[Saved entries]
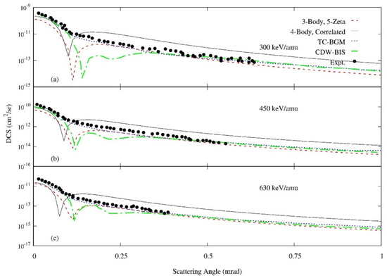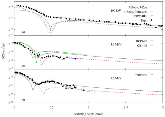In the case of 3He2+ projectiles (Figure 5), similar features are observed. However, in this case the four-body model better predicts experiment at small scattering angle, while at large scattering angles, the three-body model produces better agreement. This indicates that large angle scattering is overestimated by the use of a bare nucleus and that the nuclear–nuclear interaction in the four-body model is too strong. The non-perturbative two center-basis generator method (TC-BGM) model very accurately predicts experiment, while the perturbative Coulomb distorted wave–Born initial state (CDW-BIS) model predicts a similar deep minimum due to interference from the perturbative terms.
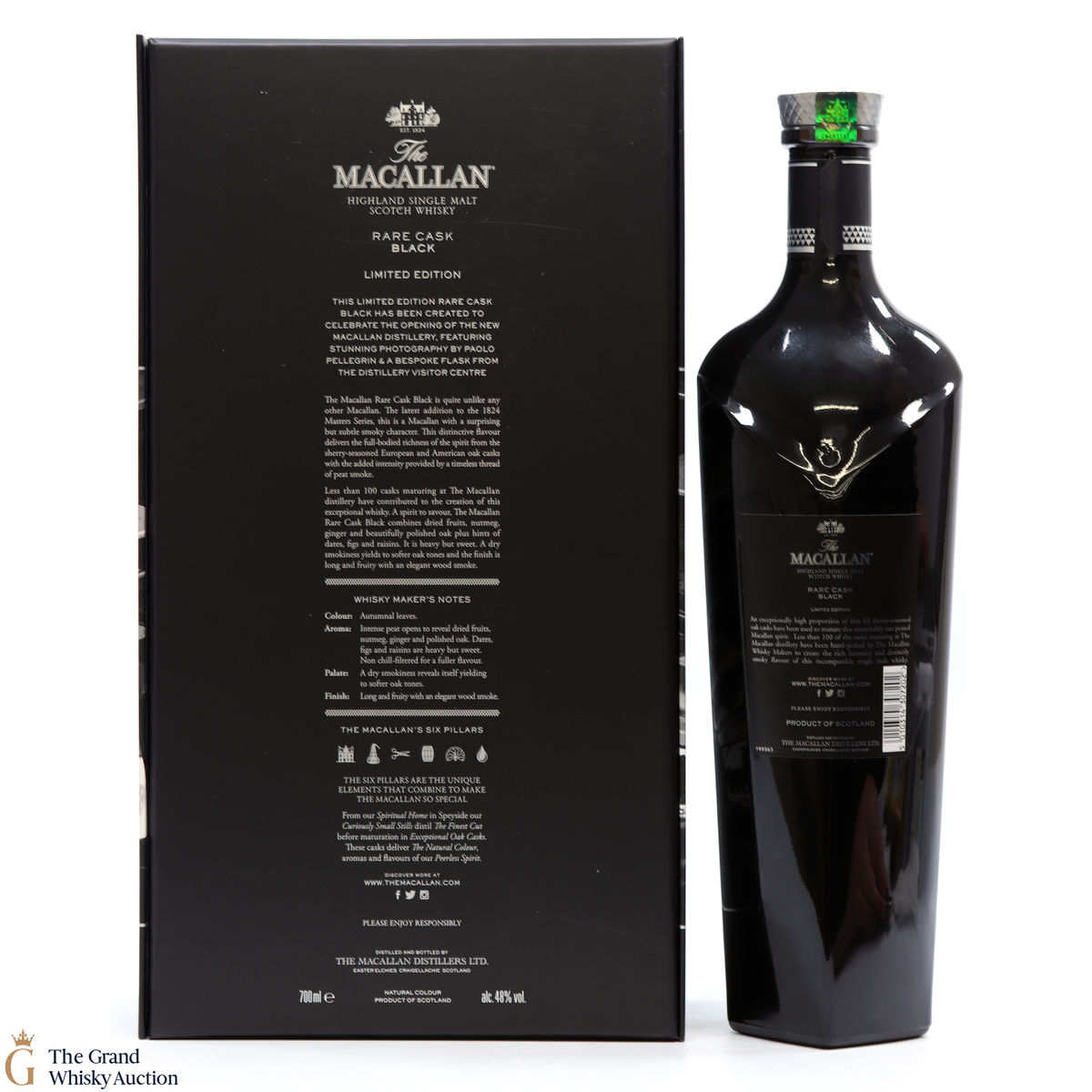 The Macallan Rare Cask Black Limited Edition was released to celebrate the opening of the new Macallan Distillery. It is part of the Macallan 1824 series and features stunning photography by Paolo Pellegrin and a bespoke flask from the Distillery Visitor Centre. The release was a limited edition of 7000 sets, which were only available at airports.
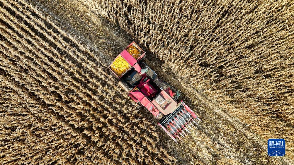 10月18日,在鄂爾多斯市達拉特旗展旦召蘇木柳林村,農(nóng)民駕駛農(nóng)機收割玉米(無人機照片)。
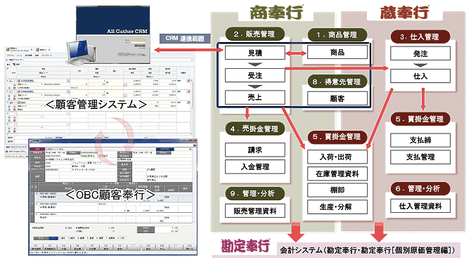 顧客管理(CRM)システム側で作成された顧客・商品・見積もり・受注データを基に、奉行側では売上、請求、入金管理といった業務との連携を低コストで実現できます。
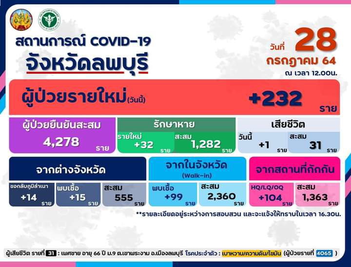 วันนี้ได้รับข่าวร้ายใจสลายน้ำตาร้องหน้าอีกครั้ง ในสถานการณ์ covid 19 ในจังหวัดลพบุรี ทำให้เกิดวิกฤตหนักขึ้นมาอีกครั้ง วันนี้มีผู้เสียชีวิต1 ราย ทำให้ตัวเลขผู้เสียชีวิตพุ่งถึง 31 ราย แตะเพดานตัวเลขผู้ป่วยสะสมถึง 4,278 ราย
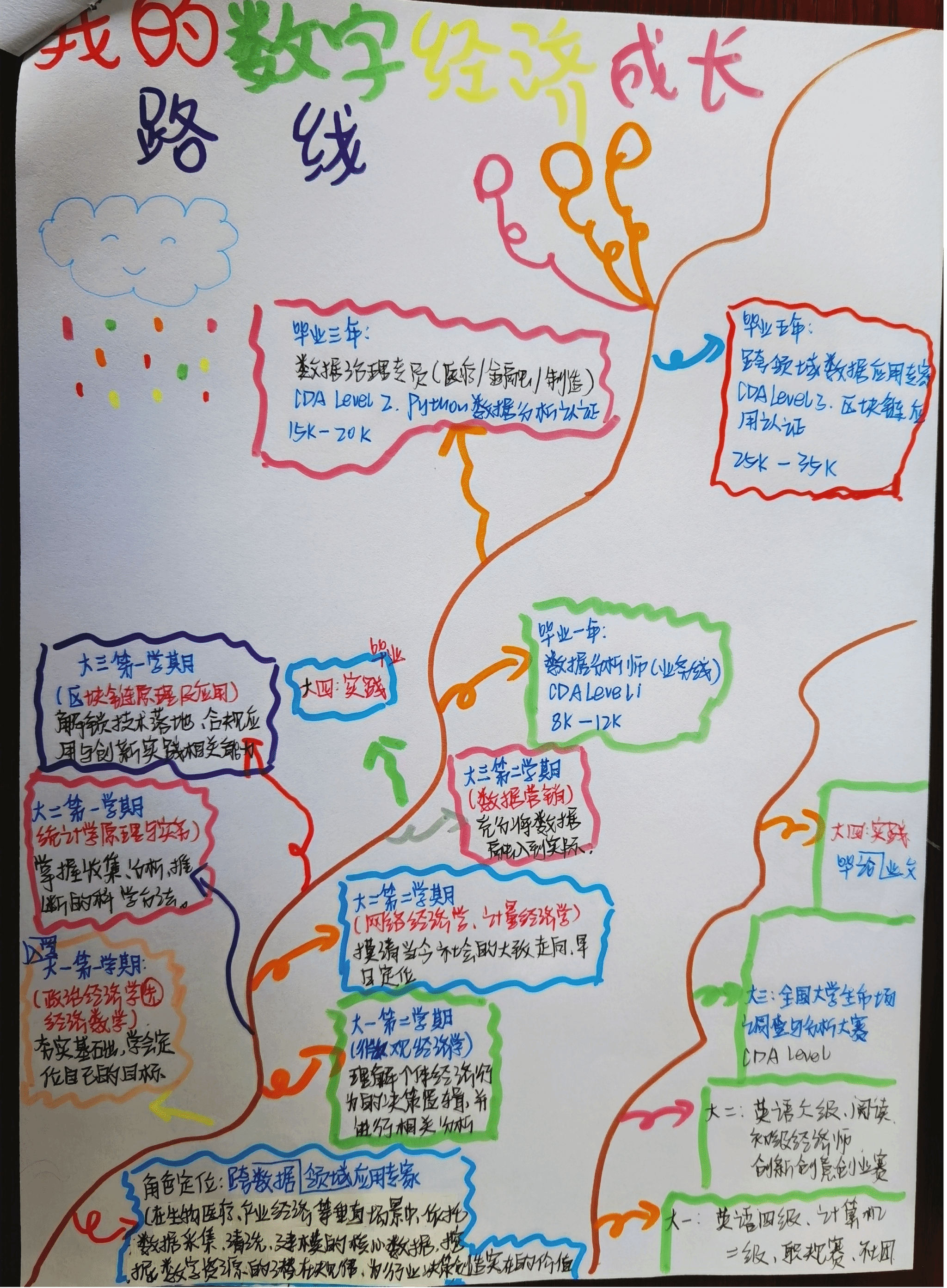 图为学生完成的“我的数字经济成长路线图”
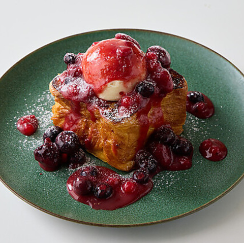 リピーターさんが多いフレンチトースト!スキレットで提供するフレンチトーストは、熱々で外はカリ、中はジュワと絶品。4種のベリーデニッシュフレンチトーストやチョコテイストなど、人気商品が多数。他にもパフェなど豊富なデザートをご用意しております♪
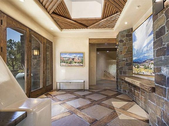 One of the most extraordinary estates in all of Santa Fe, this exquisite 7,700 square foot house and guest house with stunning Jemez Mountain views is sited to perfection overlooking the 14th green on the Sunrise Golf Course within the master planned community of Las Campanas. Designed to celebrate the ultimate Santa Fe lifestyle, this Rastra and Pumice Crete-constructed estate was built and updated with the highest level of luxury finishes, which impresses with superior custom craftsmanship and offers an incredible outdoor living experience with vibrant landscape, a rare viewing deck with a fireplace, and surround outdoor entertainment areas, complete with outdoor fireplaces, and a built-in BBQ, all of which overlook the golf course and views. The 5700 square foot main house offers excellent separation of space with 3 bedrooms/5 baths + office/media room, with a dedicated wine room and a 2-car garage. Guests enjoy full independence with a spacious detached, 2,000 square foot, 2 bedroom/2 bath guest house, complete with a full kitchen, spacious living room, and a 2 car garage. Design features include a welcoming private driveway with custom pavers, a dramatic front entrance which beautifully captures the views upon entering the main house, a recently updated designer's island kitchen with state-of-the-art appliances and an expansive formal living room with stunning views, grand fireplace and portal access. Located off the main living room and kitchen is the spacious formal dining area and an intimate seating area, also with views and portal access. The private owner's suite delights with views, fireplace and a newly updated spa-like bath with natural stone counters, tranquil soaking tub with an elevated fireplace, walk-in shower, dual vanities and closets. Separate from the main living area, within the main house are 2 guest bedroom ensuites, which share their own living room. This epic home is a rare offering and represents true Santa Fe luxury with sophistication.
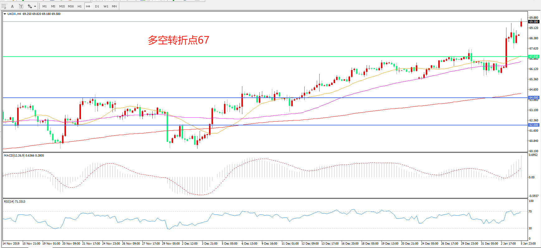 多空转折点:67.00
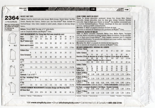 Patrón de costura para blusas elásticas para mujer Simplicity 2364 con variaciones en las mangas, talla 6 a 14, sin cortar, dobladas de fábrica
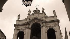 En su interior, la mayoría de los altares fueron reconstruidos entre 1920 y 1930, mientras que el del ábside lo diseñó Bernardo Antonio Vittone, con esculturas de Simone Martinez en el año 1743. Se enriquece con "la Anunciación" de Claudio Francesco Beaumont, proveniente de la Eremo di Torino. A la derecha del altar mayor, se abre la capilla denominada Capella dell'Addolorata diseñada por Ignazio Antonio Giulio en 1773, donde observamos la "Piedad" de Stefano Maria Clemente, diseñada por Beaumont y pintada por los estudiantes Molinari, Peyrolerij y Rapous. Como testimonio del setecientos, todavía nos queda el coro lígneo, obra de Carlo Maria Ugliengo y Lorenzo Enon, sobre un diseño de Giovanni Luigi Cassetta.
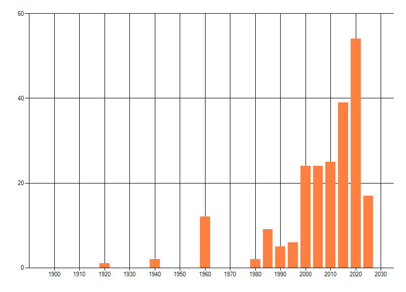 Het aantal atlasblokken (5x5 km) waarin de soort is gemeld binnen een periode van vijf jaar (vanaf 1980) of twintig jaar. Niet gecorrigeerd voor waarnemersinspanning en het aantal doorgegeven waarnemingen kan sterk variëren per periode, dus een trend in verspreiding kan hier niet direct uit worden afgelezen. Het opgegeven jaartal is het eerste jaar van de periode. Bron: gevalideerde waarnemingen uit de NDFF.
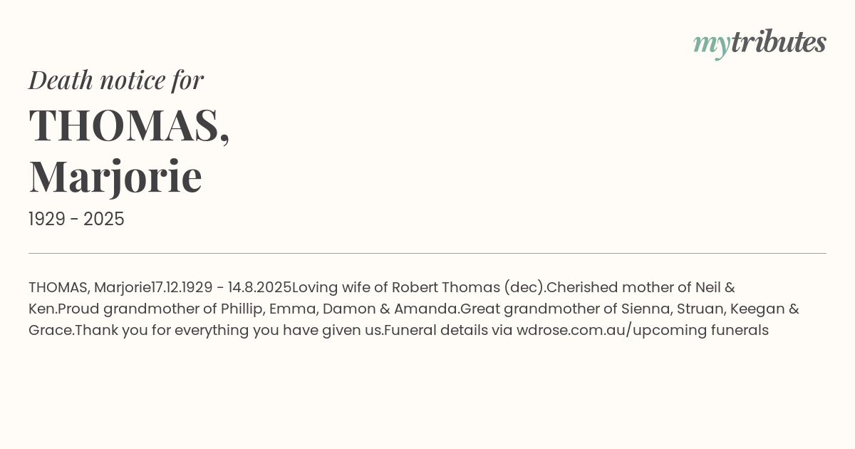 Funeral details via wdrose.com.au
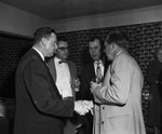 Meeting at the Country Circulation Christmas party are Leo Pickle, East Texas traveling representative, and Ross Ladd, distributor at Mineral Wells. Looking on with the satisfied look is J. C. Pool, while James Gill of Arlington seems a little dubious.
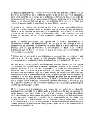 Este documento discute la necesidad de adoptar un enfoque constructivista en la enseñanza de la historia. Argumenta que las representaciones sociales actuales sobre temas históricos son demasiado homogéneas y que se necesitan nuevas situaciones de aprendizaje, como la situación-problema, que ayuden a los estudiantes a cuestionar sus concepciones previas. También señala que adoptar un enfoque constructivista supone romper con prácticas tradicionales de enseñanza, formación de profesores, investigación e interpret
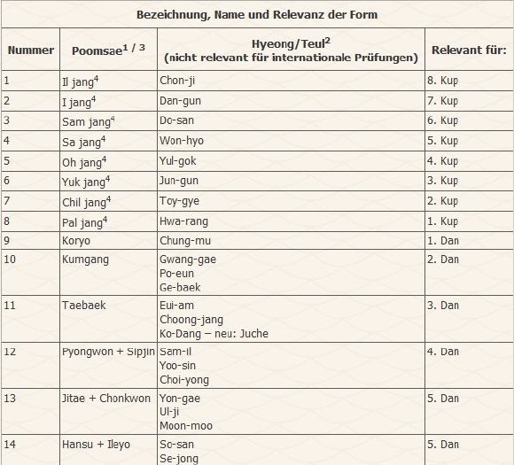 4) Vollständiger Name dieser Formen ist je nach Formenschule '<Formenschule> <Nummer> Jang' z.B. 'Taeguk Pal Jang' oder 'Palgue Sa Jang'

● **What needs to be done**:
Write the data above out again exactly, every line of it, and exclude the pictures.

● **Your solution**:
In the case of 3He2+ projectiles (Figure 5), similar features are observed. However, in this case the four-body model better predicts experiment at small scattering angle, while at large scattering angles, the three-body model produces better agreement. This indicates that large angle scattering is overestimated by the use of a bare nucleus and that the nuclear–nuclear interaction in the four-body model is too strong. The non-perturbative two center-basis generator method (TC-BGM) model very accurately predicts experiment, while the perturbative Coulomb distorted wave–Born initial state (CDW-BIS) model predicts a similar deep minimum due to interference from the perturbative terms.
 The Macallan Rare Cask Black Limited Edition was released to celebrate the opening of the new Macallan Distillery. It is part of the Macallan 1824 series and features stunning photography by Paolo Pellegrin and a bespoke flask from the Distillery Visitor Centre. The release was a limited edition of 7000 sets, which were only available at airports.
 10月18日,在鄂爾多斯市達拉特旗展旦召蘇木柳林村,農(nóng)民駕駛農(nóng)機收割玉米(無人機照片)。
 顧客管理(CRM)システム側で作成された顧客・商品・見積もり・受注データを基に、奉行側では売上、請求、入金管理といった業務との連携を低コストで実現できます。
 วันนี้ได้รับข่าวร้ายใจสลายน้ำตาร้องหน้าอีกครั้ง ในสถานการณ์ covid 19 ในจังหวัดลพบุรี ทำให้เกิดวิกฤตหนักขึ้นมาอีกครั้ง วันนี้มีผู้เสียชีวิต1 ราย ทำให้ตัวเลขผู้เสียชีวิตพุ่งถึง 31 ราย แตะเพดานตัวเลขผู้ป่วยสะสมถึง 4,278 ราย
 图为学生完成的“我的数字经济成长路线图”
 リピーターさんが多いフレンチトースト!スキレットで提供するフレンチトーストは、熱々で外はカリ、中はジュワと絶品。4種のベリーデニッシュフレンチトーストやチョコテイストなど、人気商品が多数。他にもパフェなど豊富なデザートをご用意しております♪
 One of the most extraordinary estates in all of Santa Fe, this exquisite 7,700 square foot house and guest house with stunning Jemez Mountain views is sited to perfection overlooking the 14th green on the Sunrise Golf Course within the master planned community of Las Campanas. Designed to celebrate the ultimate Santa Fe lifestyle, this Rastra and Pumice Crete-constructed estate was built and updated with the highest level of luxury finishes, which impresses with superior custom craftsmanship and offers an incredible outdoor living experience with vibrant landscape, a rare viewing deck with a fireplace, and surround outdoor entertainment areas, complete with outdoor fireplaces, and a built-in BBQ, all of which overlook the golf course and views. The 5700 square foot main house offers excellent separation of space with 3 bedrooms/5 baths + office/media room, with a dedicated wine room and a 2-car garage. Guests enjoy full independence with a spacious detached, 2,000 square foot, 2 bedroom/2 bath guest house, complete with a full kitchen, spacious living room, and a 2 car garage. Design features include a welcoming private driveway with custom pavers, a dramatic front entrance which beautifully captures the views upon entering the main house, a recently updated designer's island kitchen with state-of-the-art appliances and an expansive formal living room with stunning views, grand fireplace and portal access. Located off the main living room and kitchen is the spacious formal dining area and an intimate seating area, also with views and portal access. The private owner's suite delights with views, fireplace and a newly updated spa-like bath with natural stone counters, tranquil soaking tub with an elevated fireplace, walk-in shower, dual vanities and closets. Separate from the main living area, within the main house are 2 guest bedroom ensuites, which share their own living room. This epic home is a rare offering and represents true Santa Fe luxury with sophistication.
 多空转折点:67.00
 Patrón de costura para blusas elásticas para mujer Simplicity 2364 con variaciones en las mangas, talla 6 a 14, sin cortar, dobladas de fábrica
 En su interior, la mayoría de los altares fueron reconstruidos entre 1920 y 1930, mientras que el del ábside lo diseñó Bernardo Antonio Vittone, con esculturas de Simone Martinez en el año 1743. Se enriquece con "la Anunciación" de Claudio Francesco Beaumont, proveniente de la Eremo di Torino. A la derecha del altar mayor, se abre la capilla denominada Capella dell'Addolorata diseñada por Ignazio Antonio Giulio en 1773, donde observamos la "Piedad" de Stefano Maria Clemente, diseñada por Beaumont y pintada por los estudiantes Molinari, Peyrolerij y Rapous. Como testimonio del setecientos, todavía nos queda el coro lígneo, obra de Carlo Maria Ugliengo y Lorenzo Enon, sobre un diseño de Giovanni Luigi Cassetta.
 Het aantal atlasblokken (5x5 km) waarin de soort is gemeld binnen een periode van vijf jaar (vanaf 1980) of twintig jaar. Niet gecorrigeerd voor waarnemersinspanning en het aantal doorgegeven waarnemingen kan sterk variëren per periode, dus een trend in verspreiding kan hier niet direct uit worden afgelezen. Het opgegeven jaartal is het eerste jaar van de periode. Bron: gevalideerde waarnemingen uit de NDFF.
 Funeral details via wdrose.com.au
 Meeting at the Country Circulation Christmas party are Leo Pickle, East Texas traveling representative, and Ross Ladd, distributor at Mineral Wells. Looking on with the satisfied look is J. C. Pool, while James Gill of Arlington seems a little dubious.
 Este documento discute la necesidad de adoptar un enfoque constructivista en la enseñanza de la historia. Argumenta que las representaciones sociales actuales sobre temas históricos son demasiado homogéneas y que se necesitan nuevas situaciones de aprendizaje, como la situación-problema, que ayuden a los estudiantes a cuestionar sus concepciones previas. También señala que adoptar un enfoque constructivista supone romper con prácticas tradicionales de enseñanza, formación de profesores, investigación e interpret
 4) Vollständiger Name dieser Formen ist je nach Formenschule '<Formenschule> <Nummer> Jang' z.B. 'Taeguk Pal Jang' oder 'Palgue Sa Jang'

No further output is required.